19 “Because of your great compassion you did not abandon them in the wilderness. By day the pillar of cloud did not fail to guide them on their path, nor the pillar of fire by night to shine on the way they were to take. 20 You gave your good Spirit to instruct them. You did not withhold your manna from their mouths, and you gave them water for their thirst. 21 For forty years you sustained them in the wilderness; they lacked nothing, their clothes did not wear out nor did their feet become swollen.
Observation:
Sometimes the trouble we deal with comes from outside. Hard situations that test our grit. Or difficult people—let’s be honest, even downright mean people—who try our patience and require our perseverance. Yet sometimes our problems come from within. Such it the case in the section of the leaders’ prayer that we read today.
One thing I’m observing first is that this prayer is deeply honest, in a “good, bad, and ugly” kind of way. The Levites who are leading the people in spiritual renewal at this gathering are not only “playing the hits” in this prayer. Yes, they remembered the good times of how the Lord came through for them when they needed help. They were in a desperate situation and God delivered them. But today’s passage indicates that they are willing to acknowledge before God the regrettable, embarrassing, even shameful parts of their story too.
Following on that, a second observation is this: there’s an implicit contrast (though only barely so) between what you’d expect a people thus delivered and provided for to respond to God and how the Israelites do. Words like “arrogant,” “stiff-necked,” “refused,” and “failed” pepper the paragraph. Yeesh. God is good, but the people are hard-headed and fickle.

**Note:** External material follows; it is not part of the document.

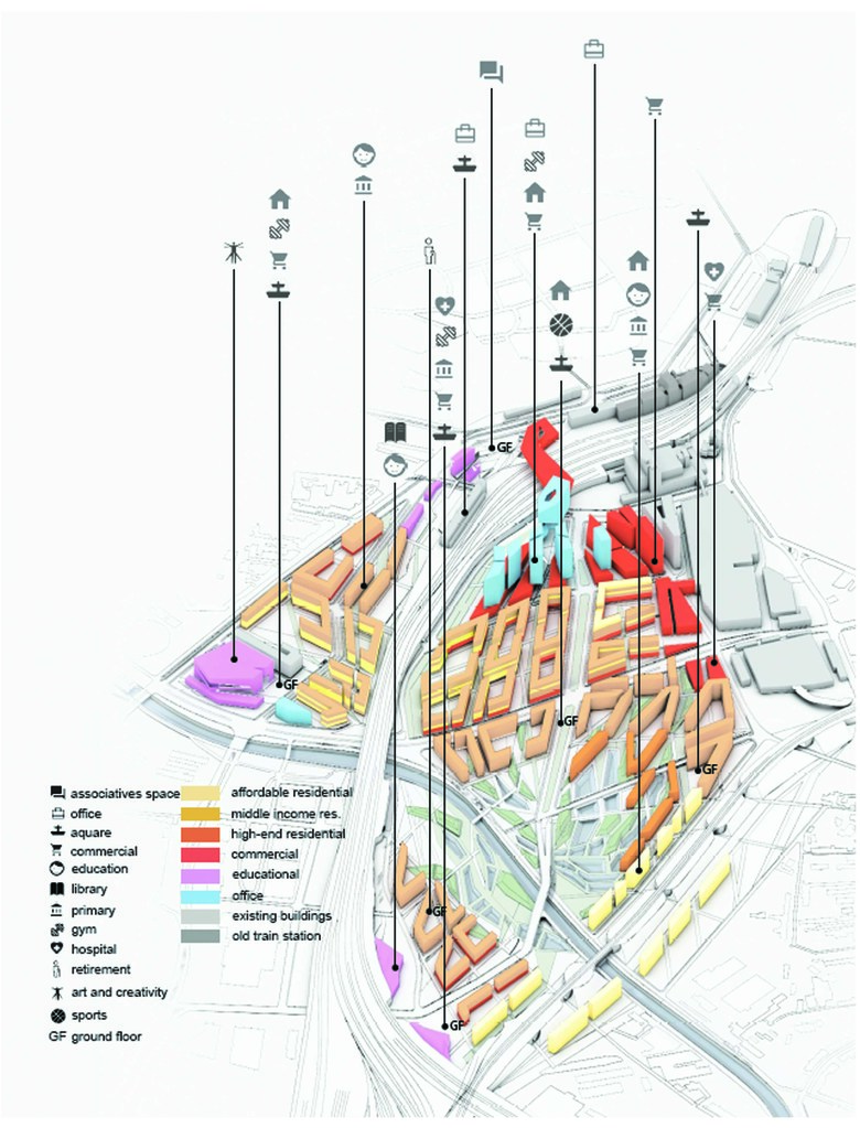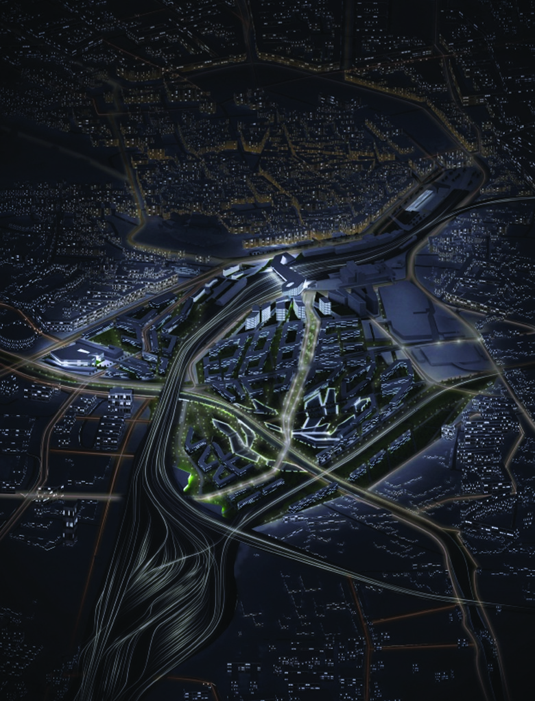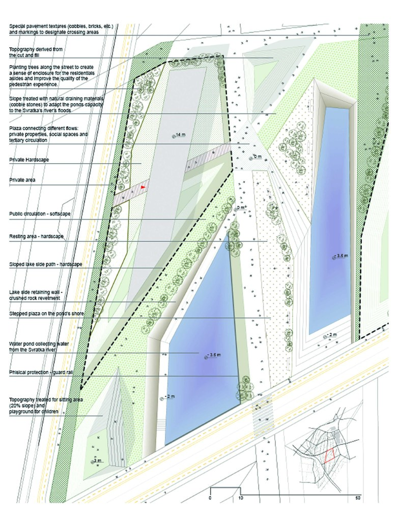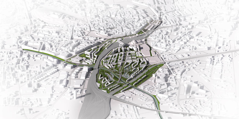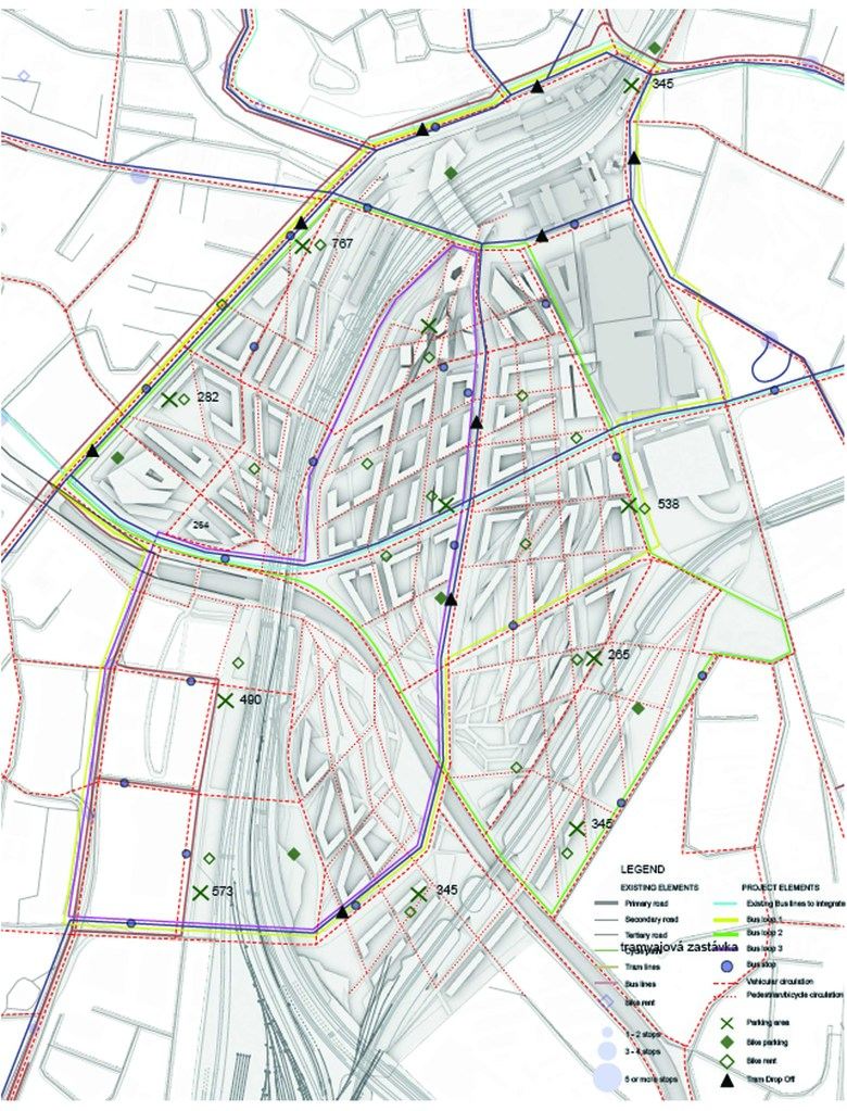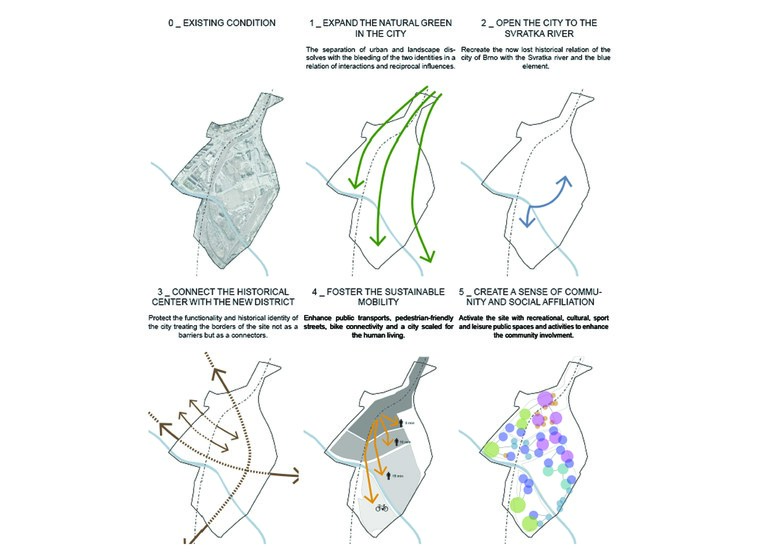 In order to foster the integration of this large and central area into the city of Brno, it was vital to combine connectivity with a vibrant mixed use program. Achieving the same density as the traditional turn of the Century neighborhoods nearby yet giving a decisively green and recreational quality that will also cater to the city as a whole resulted in the concept of pedestrian access with strategically placed array of parking garages.

A third observation takes us a step further. Despite the people’s shortsightedness, stubbornness, rejection, and rebellion, God remained faithful. The prayer says it like this: “But you are a forgiving God, gracious and compassionate, slow to anger and abounding in love. Therefore you did not desert them…”
Two simple, familiar, and critical words frame the story: but and therefore. In contrast with their fickle, disobedience character, God remains who He is. His character remains. That’s the “but.” Their character is malleable, but God is the same God—“forgiving… gracious and compassionate, slow to anger and abounding in love.”
Which brings us to the “therefore.” God’s actions are determined by His character more than they are influenced by the people’s whims and erratic behavior. Hence, “Therefore you did not desert them…” The causal factor is not the people’s worthiness, but God’s goodness.
It is always amazing how deeply the story and truth of Jesus is woven throughout the pages of scripture from Old Testament to New and here we see it yet again.
Application:
What parallels do you see between this passage and the story of Jesus?
What else might the Holy Spirit be speaking with you about in the text today?
Prayer: Lord, thank you that our hope is in your goodness and compassion and not in our steadfastness. Amen.
“But the seed falling on good soil refers to someone who hears the word and understands it. This is the one who produces a crop, yielding a hundred, sixty or thirty times what was sown.” (Matthew 13:23)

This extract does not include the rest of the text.